Paula rolled onto her back and closed her eyes. It made her look very frail. “Start at the beginning; absolute basics. You know you aren’t a Starflyer agent, right?”

“Yeah, right.”

“Very well. Until you have definite proof of a person’s innocence, you can trust no one in the group.”

“Even you?”

“I told you before, I’ve been trying to stop Johansson for a hundred thirty years. For the purpose of this exercise, you must consider me suspect. I know I’m not, but I cannot physically prove that to you.”

“You’ve got one fucking morbid world view, Investigator, I’ll tell you that for nothing. Go on, how do I rule people out?”

“The sabotage most likely occurred after we joined your group.”

“Yeah. I was involved with packing and loading those crates. It would have been difficult to maser the contents of one back in the warehouse, let alone four.”

“Okay then.” Paula started coughing; her body juddered around on the bunk so alarmingly that Adam started to reach for her to hold her down. She waved his hand away as the coughing subsided. “I’m all right.”

“No you’re not. Jesus, have you been poisoned? Is that it?”

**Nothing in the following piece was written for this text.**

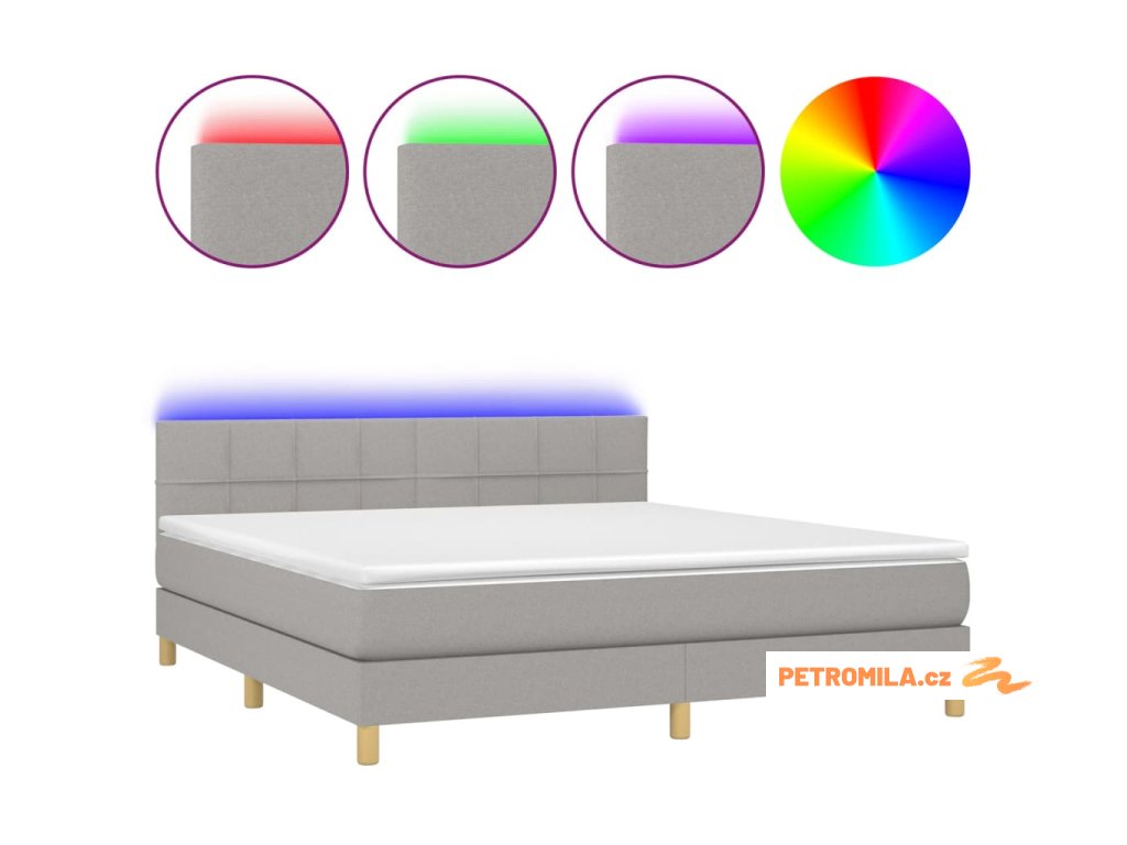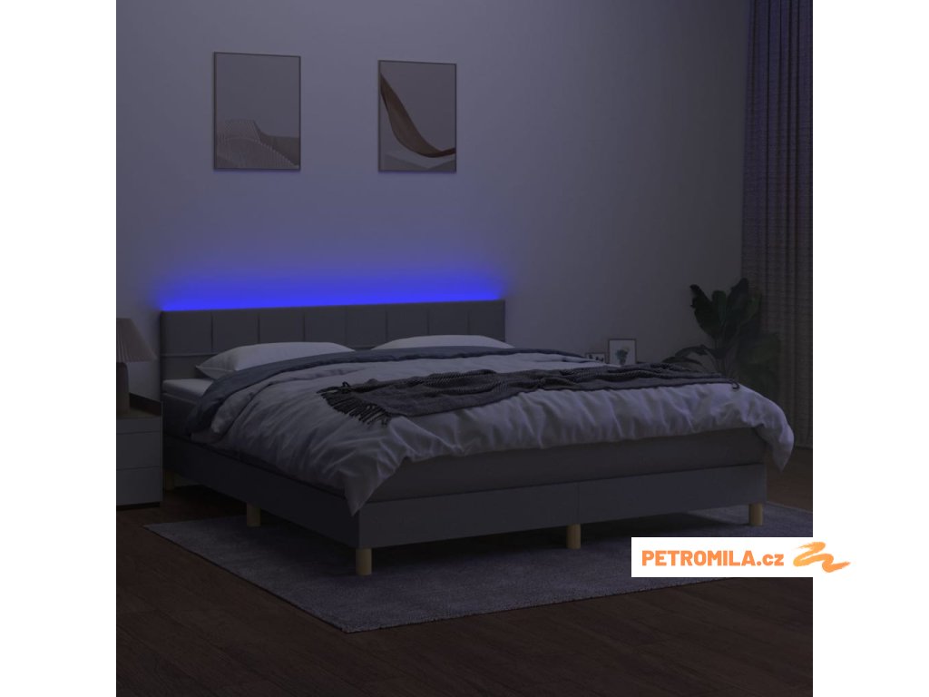 Box spring postel s matrací a LED světle šedá 160x200 cm textil

“No. Just give me some water, please.”

Adam found a bottle of mineral water in one of the lockers. It was painful to watch the Investigator trying to swallow; she took such small sips it was like a baby feeding.

“So start with your Guardians,” she said. “Can anyone on this world vouch for them in complete confidence? If not, the Starflyer could have had access to them the way he did with Kazimir McFoster’s friend and murderer.”

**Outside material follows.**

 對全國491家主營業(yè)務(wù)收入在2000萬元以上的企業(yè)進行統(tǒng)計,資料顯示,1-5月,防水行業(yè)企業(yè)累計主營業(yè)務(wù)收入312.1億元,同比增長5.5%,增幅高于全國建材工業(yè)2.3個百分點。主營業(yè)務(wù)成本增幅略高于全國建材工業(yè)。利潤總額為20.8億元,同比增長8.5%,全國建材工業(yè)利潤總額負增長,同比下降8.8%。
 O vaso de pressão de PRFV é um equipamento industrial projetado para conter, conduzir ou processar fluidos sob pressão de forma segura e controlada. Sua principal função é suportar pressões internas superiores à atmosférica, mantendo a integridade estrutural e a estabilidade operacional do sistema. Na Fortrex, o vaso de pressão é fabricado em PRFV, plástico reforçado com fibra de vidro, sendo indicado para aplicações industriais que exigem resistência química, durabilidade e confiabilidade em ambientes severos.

“Bruce. Damnit, yes, I’ll try and check; but the only link we’ve got is a short wave, don’t forget, it’s not exactly secure. Even then, who can vouch for every minute of someone’s life?”

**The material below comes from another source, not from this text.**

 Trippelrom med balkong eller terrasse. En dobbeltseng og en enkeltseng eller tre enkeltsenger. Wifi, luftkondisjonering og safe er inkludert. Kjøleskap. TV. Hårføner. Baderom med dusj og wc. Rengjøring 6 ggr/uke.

“I know. As for the navy arrest team, they come from the same Paris office as Tarlo, who was corrupted several years ago. If the Starflyer can get Tarlo, then in theory it could get to anyone there.”

“That was your office,” he said in mounting unease.

“It was, yes. Like I said, don’t rule me out through sentiment or belief that I am incorruptible. You must be logical.”

“All right. What about the others, Cat’s Claws?”

“Firstly, they have been out of contact behind enemy lines. What happened to them there is unknowable. Then again, they are all extremely dangerous criminals. Perhaps they did this to further their own agenda.”

“Jesus H. Christ. That’d be just dandy right now, another group out to wreck us.”

“It’s a remote possibility, but bear it in mind. The most unusual pair we have with us are Qatux and Tiger Pansy.” She coughed again, and flopped her head down on the thin pillow. “Frankly, I can’t think Qatux is a Starflyer agent, but then he’s not the most reliable or normal Raiel citizen, and his insistence on coming with us is unusual. Plausible, but odd. As for Tiger Pansy, remember Mata Hari.”

“She was a dancer and courtesan. With respect, Tiger Pansy isn’t quite that exalted.”

“You know your history. I’m impressed; that’s not in your file.”

“Hidden depths, me, Investigator. So what do we do with Tiger Pansy?”

“Class her as a definite unknowable. If she is our saboteur, then I think we’ve already lost. But again, it’s your decision.”

“All right, that leaves us with the two Kimes and Oscar.”

“All of whom were on board the Second Chance. We know there was a Starflyer agent on board. Therefore: all suspect.”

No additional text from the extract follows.